Andrew Plewe Andrew Plewe

Hello World

Forward, and an introduction to WellDB

Greetings! If you are here you probably followed some breadcrumb I left out randomly on the fractured interwebs. I have debated internally about whether to Substack, it is nice to have someone else take care of archiving and to “ride the wave”. So, in probably some gross violation of founder rules or whatever, I’m going to do my posting here on the website for my company (shock!). What’s a bit of SEO between friends, right?

I’ve realized that sometimes my writing can be cryptic, especially when my mind is going a million miles per hr and I’m working through an idea. Over the last few months I’ve built out, essentially, my “dream team” of tooling that makes managing and working with test data somewhat possible and, ideally, a thing that takes less than six months to accomplish. However, much like Frankenstein it can come across… a little rough. Everyone uses data in different ways, what SmallMinds has created will, if there’s enough magic fairy dust, provide you with tools you can use to make your life better.

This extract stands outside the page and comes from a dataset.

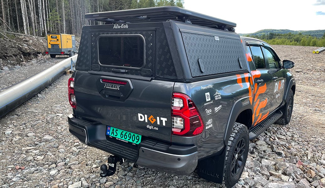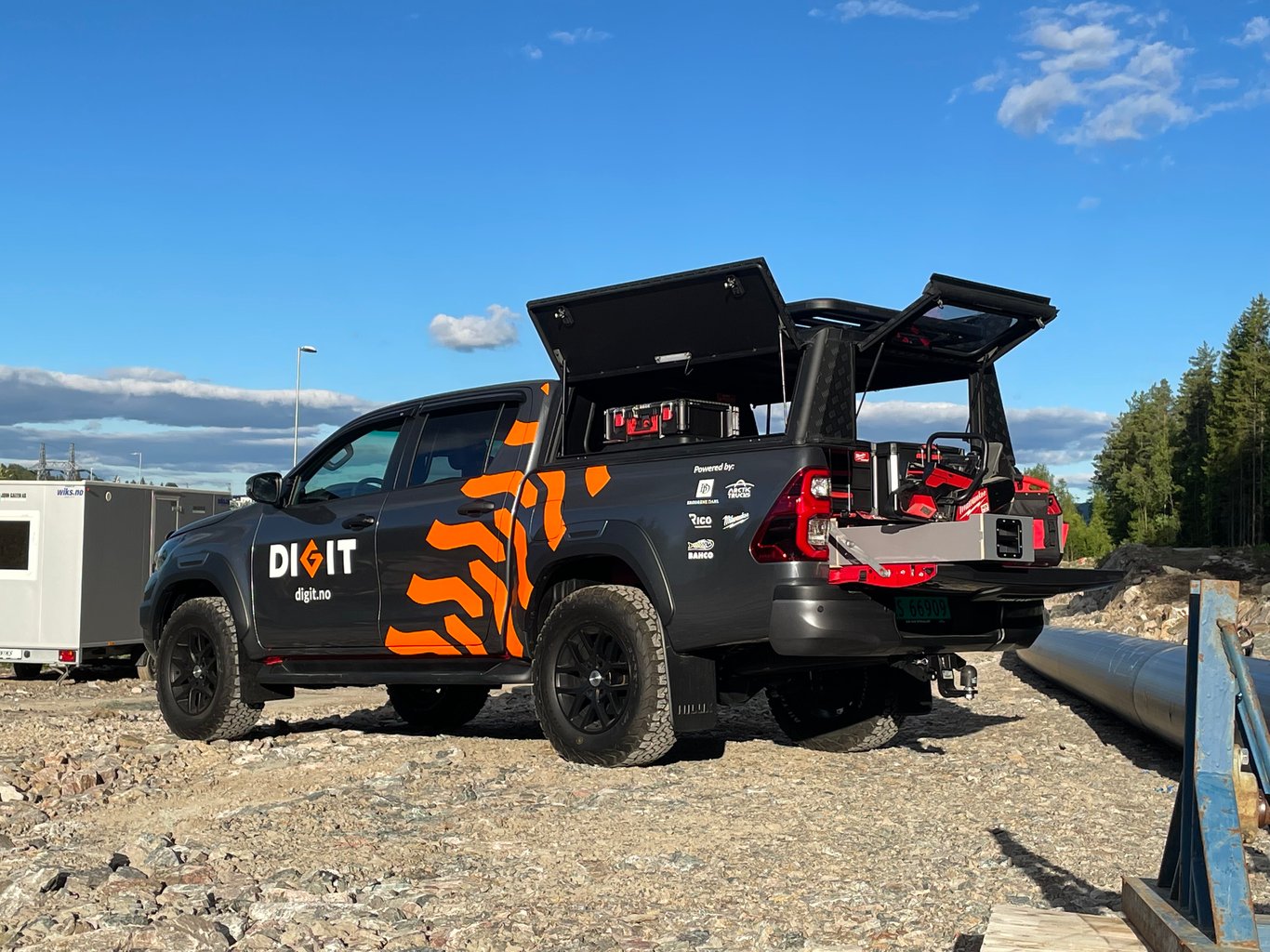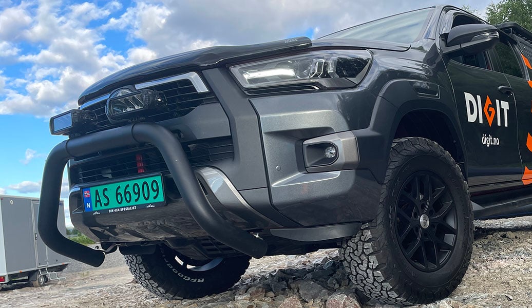 Da vi bestemte oss for å lage den ultimate “entreprenør-bilen» falt valget Toyota Hilux. Bilen er proppet med verktøy fra Milwaukee og Bahco. For å sikre gode kjøreegenskaper og fremkommelighet er bilen oppgradert hos Arctic Truck. Besøk gjerne ett av stoppestedene på DIGIT Roadshow for å ta den nærmere i øyesyn.

So, welcome! In the coming weeks I will lay out all my Freudian and Orwellian plans to rise up against our “AI” overlords and reclaim the power of Machine Learning for the rest of us. It has been a very unexpected journey getting to this point, but if I expected it then it probably would have never happened.

So, with that in mind I will start with a brief introduction to “the one thing that will change the world!” for which I don’t even have product page yet:

Spooky lights mean data

Introducing WellDB

Hydra grew as a perfect parasite. That’s actually a weird and creepy story, this is nothing like that.

WellDB, however, does take advantage of several nifty things that are true to create a real live Generative Database. This isn’t a front-end for LLMs or anything like that. It is, rather, the marrying of statistical modeling with the powers of SQL, a very shallow (this is a good thing) and transactional relationship meant to generate all of the data you need for testing without:

a.) Storage costs. Data for tables comes from DataFlood models and is generated on-the-fly. A typical DataFlood model is between a few kilobytes up to a couple of megabytes. And, the size for any particular dataset doesn’t change much over time.

b.) Licensing costs. The only elements WellDB uses from different kinds of databases is wire protocols. Therefore you don’t have to burn an expensive software license on your test server. And you can have way more than one and it won’t break the bank!

c.) The performance impacts of large datasets. The problem with a fully-functional and operational database of sufficient size to do real load testing is that you almost have to do more engineering to get really good test data in the quantities necessary than you otherwise normally would. There is great value in those exercises, but there is, thanks to DataFlood, a much easier and cheaper way. DataFlood won’t bog down if you need gazillions of rows — it has to generate that much data, but it doesn’t need to store that much data.

The main drawback to this approach is WellDB is not for performance-testing SQL queries and databases themselves. For that purpose you can use DataFlood to generate a gazillion rows and insert them into an actual database. WellDB is more for integration testing when performance testing of the database isn’t on the menu.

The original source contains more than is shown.